From Data
to Actions

In today’s maritime industry, data alone is not the key to reducing emissions, improving operational efficiency, or lowering costs.

Raw signals, performance dashboards, KPIs, and reports are widely available. However, the transformation of these insights into decisions and strategies remains exclusively in the hands of fleet managers.
Fleet managers still carry the primary cognitive burden of translating observations into decisions and, ultimately, actions.

At Metis, we recognize that this gap creates a critical challenge: turning vast amounts of data into timely, consistent, and actionable operational decisions at scale

Our goal is to reduce complexity, accelerate decision-making,
and enable teams to act with confidence.

The added value we are building and will deliver to our customers
is simple yet powerful: turning insight into action faster, minimizing inefficiencies, and driving measurable improvements across all aspects of fleet performance management.
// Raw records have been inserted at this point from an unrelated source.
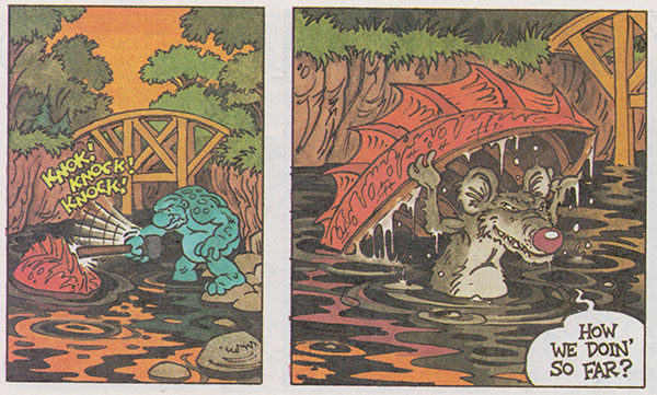 The cover—Robin Wood’s third contribution—is entitled, “What a Knight for Apparitions.” I like a punny title, but yeesh! It shows a young warrior down on one knee receiving a glowing sword from the ghost of a young woman with flowing wavy hair. They are in the middle of ruins, and the night sky twinkles in the background. I didn’t think much of it as a kid, but looking at it now I appreciate it more. There are details, like the broken sword and the helmet on the ground, the look of the ruins, that make the image seem less like a moment frozen in time and more like part of an unfolding story. Still, I think the weakest part is the apparition herself. She just is a little too wispy for how the image is rendered and lacks visual substance, something that, as one of the two central figures of the image, she needs to have, even if she lacks actual substance in the storyworld of the painting.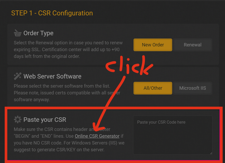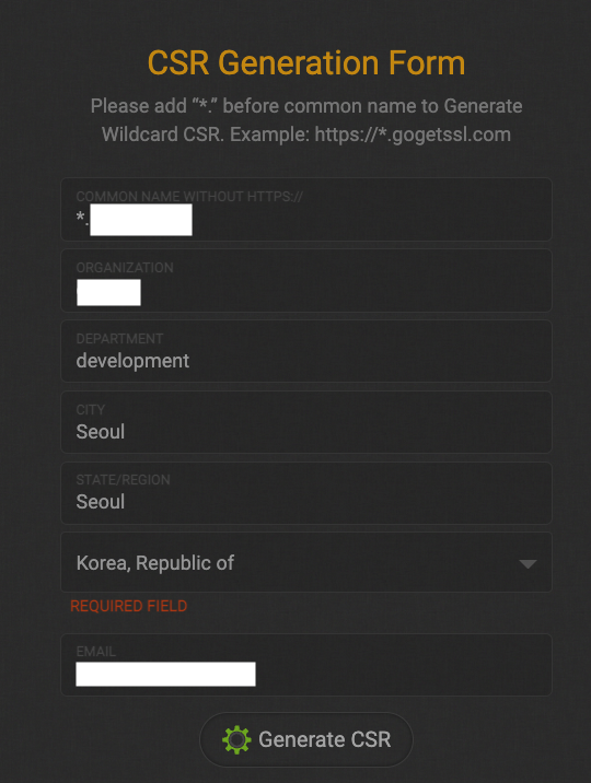 CSR Configuration과 온라인 CSR Generator form 다음은 CSR을 입력하는 폼이 나옵니다. 자세히 보면 온라인 CSR Generator가 있어서 그걸 클릭하면 CSR을 생성할 수 있는 폼으로 이동합니다. 폼을 통해 CSR을 생성하면 Private, Public Key가 생성됩니다.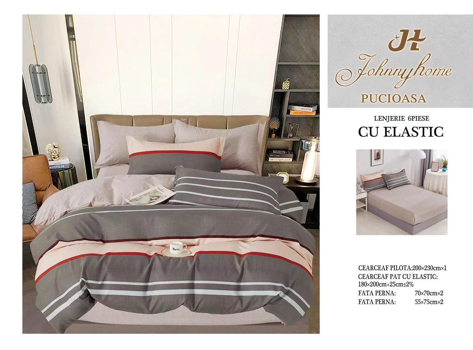 Lenjerie de Pat Finet 6 Piese cu Elastic, Dungi-H6169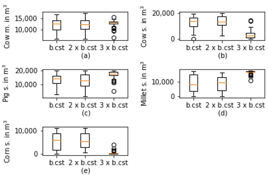 - Stürmer, B.; Schmid, E.; Eder, M.W. Impacts of biogas plant performance factors on total substrate costs. Biomass and Bioenergy 2011, 35, 1552–1560. [Google Scholar] [CrossRef]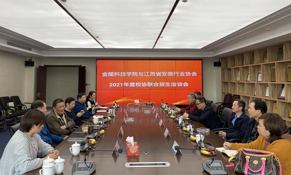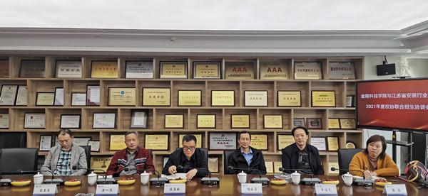 2021年4月20日,金陵科技学院与江苏省安装行业协会联合招生座谈会在江苏k8凯发科技集团有限公司召开。参加座谈会的有金陵科技学院继续教育学院院长陈玉林、学历教育科主任黄一兵,金陵科技学院机电学院院长鞠全勇、楼宇系主任牟福元、办公室主任张玉、项目负责人姜玉东,江苏省安装行业协会会长助理顾建生、副会长陈晓、秘书长吴辉、副秘书长席天阳,江苏省安装行业协会智能化与消防工程分会副秘书长余晶、办公室主任陈怡帆等。
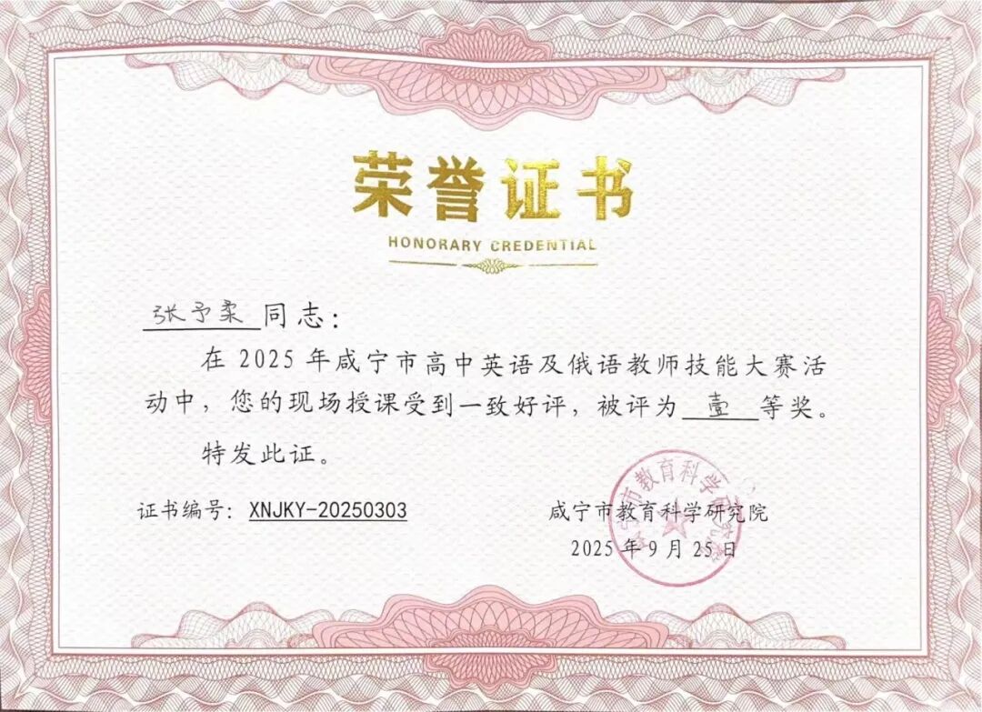 青年教师素养大赛成绩突出:化学学科周盛星、陈小栓老师在市青年教师素养大赛中双双获一等奖;英语学科王瑾、张予柔老师分别在阅读教学说课和教师技能大赛中折桂;语文孙亚婷老师在综合素养比赛中夺魁;物理张子昂老师在市数理化活动中荣获物理课一等奖。这些佳绩正是我校扎实推进青年教师培养工程,助力青年人才快速成长的生动写照。

But what does exactly Metis brings to the table?

Solid & Trustworthy

Architecture

Metis’s framework is based on a building-block architecture of interdependent pillars. Each one plays a critical role in transforming data into actions.
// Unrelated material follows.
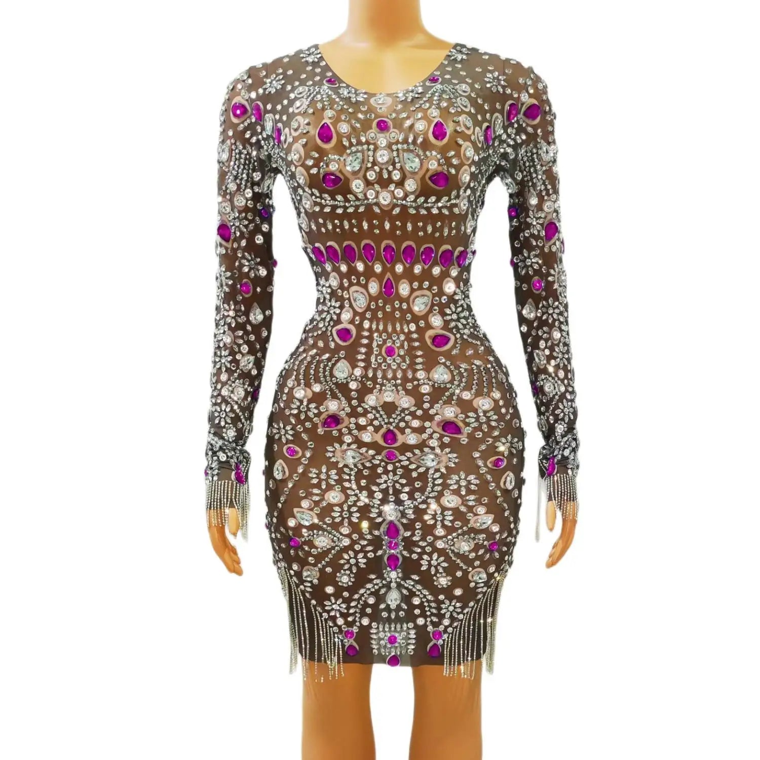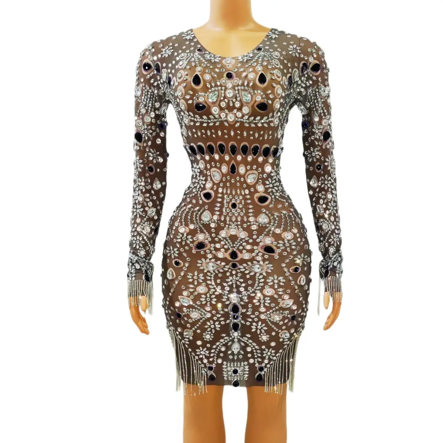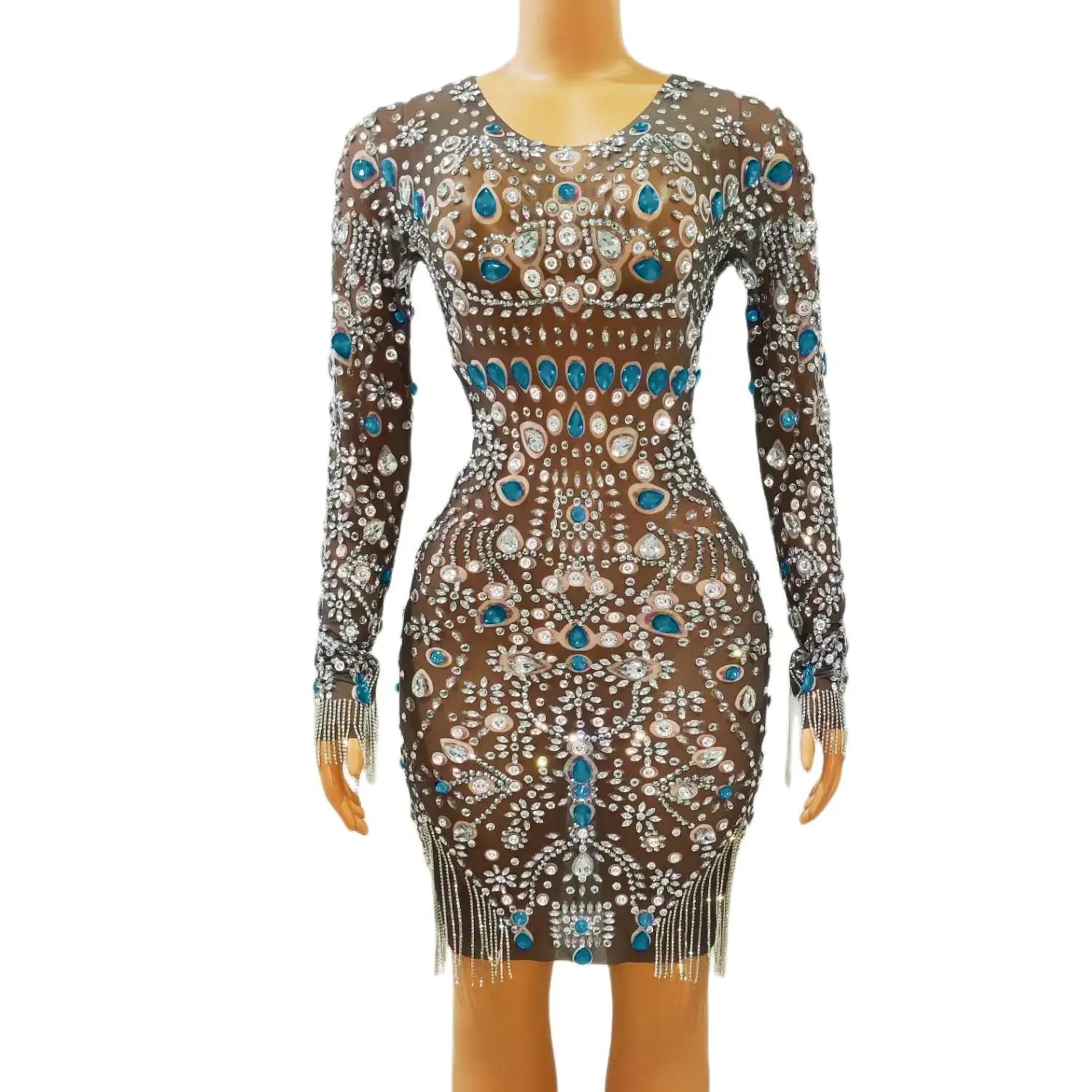 Fashion Rhinestones Transparent Summer Dress Birthday Evening Celebrate Costume Women Dance Prom Performance Dress

The first three are already established components of our solution, which we actively provide and continuously refine, drawing on years of operational experience and domain expertise in maritime analytics.

The fourth pillar, the Agentic AI engine, is what introduces something fundamentally new.
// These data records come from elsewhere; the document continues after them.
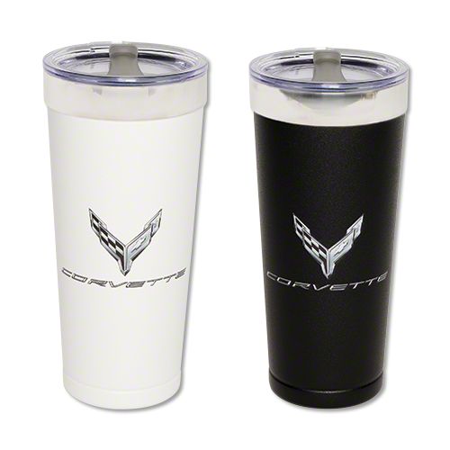 Stainless Steel Thermal Tumbler with C8 Contrasting Logos; White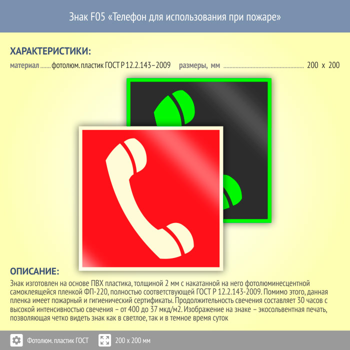 Знак F05 «Телефон для использования при пожаре (в том числе телефон прямой связи с пожарной охраной)» на фотолюминесцентном пластике по ГОСТ 34428-2018, размером 200х200 мм обозначает, что этот телефон можно использовать только в случае пожара. Знаки пожарной безопасности изготовлены согласно ГОСТ Р 12.4.026-2015 и предназначены для обозначения мест нахождения средств противопожарной защиты и средств оповещения о возникновении пожара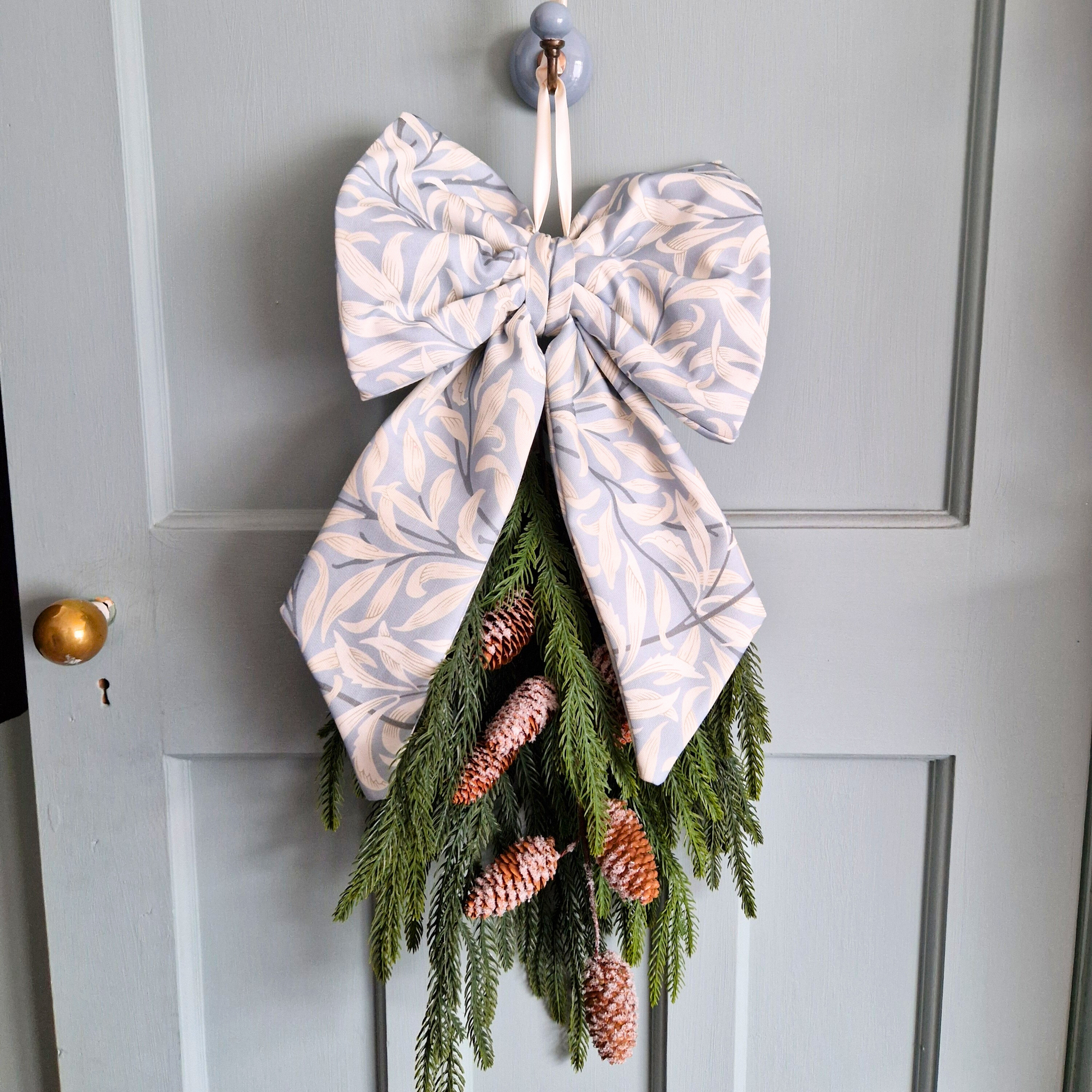 William Morris Large Fabric Bow -Willow Bough  Dove - MADE TO ORDER

An intelligent system capable of understanding, reasoning, correlating, and weighing trade-offs, transforming information into clear, timely, and actionable intelligence that enables smarter decision-making across the fleet.

The value of AI-powered analytics depends on a single critical factor

Data Integrity

3 dimensions define what we refer to as “data health” and are formalized within our Data Integrity Framework, a structured methodology embedded across our IoT and analytics ecosystem to continuously validate, monitor, and safeguard fleet-wide telemetry.

1. Validity

Validity is ensured through engineering rules, standardization, and intelligent monitoring. Sensor data
is continuously validated against expected thresholds, physical principles, and established standards, while anomaly detection techniques identify unusual patterns
in real time. When issues occur, affected data is isolated and reconstructed using approved estimation methods until the underlying cause is identified and resolved.

2. Completeness

Completeness ensures that all expected data points are delivered at the required frequency. Missing data, communication gaps, or inconsistent sampling can distort KPIs and compromise model outputs. Continuous monitoring of ingestion pipelines, from onboard systems to cloud infrastructure, is essential to maintain confidence in fleet-wide analytics.

3. Timeliness

Timeliness ensures that data is delivered with minimal delay and remains synchronized across systems. Real-time processing architectures are essential when analytics support operational decision-making, such as voyage optimization, emissions control, or machinery diagnostics.

Semantics

Contextual intelligence that empowers AI with real world, business understanding

Modern AI agents do more than generate dashboards,
they reason, recommend, and optimize toward defined goals.

For such systems to operate effectively, raw data and KPIs must coexist with semantic knowledge that explains
what those metrics represent, how they are calculated,
and which factors influence them. A fuel efficiency KPI,
for example, is not merely a numerical value.

It is the outcome of specific measurement methodologies, filtering logic, correction factors, environmental conditions, and operational assumptions.

Without understanding this context, an AI agent
cannot reliably interpret deviations, compare
vessels, or recommend optimizations.

The semantic layer provides
contextual intelligence and defines:

1. The meaning of KPIs and metrics

2. The methodologies used to produce them

3. The relationships between variables

4. The operational and environmental factors that influence outcomes

More efficient decision making

AI analyzes complex operational data in real time and delivers clear recommendations, allowing 
teams to act immediately instead of spending
hours interpreting dashboards.

Reduced operational workload

Automated analysis and prioritized insights
eliminate the need for manual data investigation
across multiple systems and reports.

Better fleet performance

By identifying inefficiencies, anomalies, and optimization opportunities earlier, operators can improve
vessel performance and energy efficiency.

Improved cost control

Earlier detection of performance deviations, fuel inefficiencies, or machinery issues helps reduce unnecessary operational costs.

How Metis delivers value
to shipowners & ship managers

At Metis, we are entering a new era by combining advanced Artificial Intelligence with one of the industry’s most reliable maritime data infrastructures. 

Our platform no longer just monitors vessels
and collects data, it makes strategic decisions
and boosts decision making. Our Agentic AI engine can interpret complex operational signals, understand context, and deliver actionable recommendations that support faster, more confident decision making – not just reporting.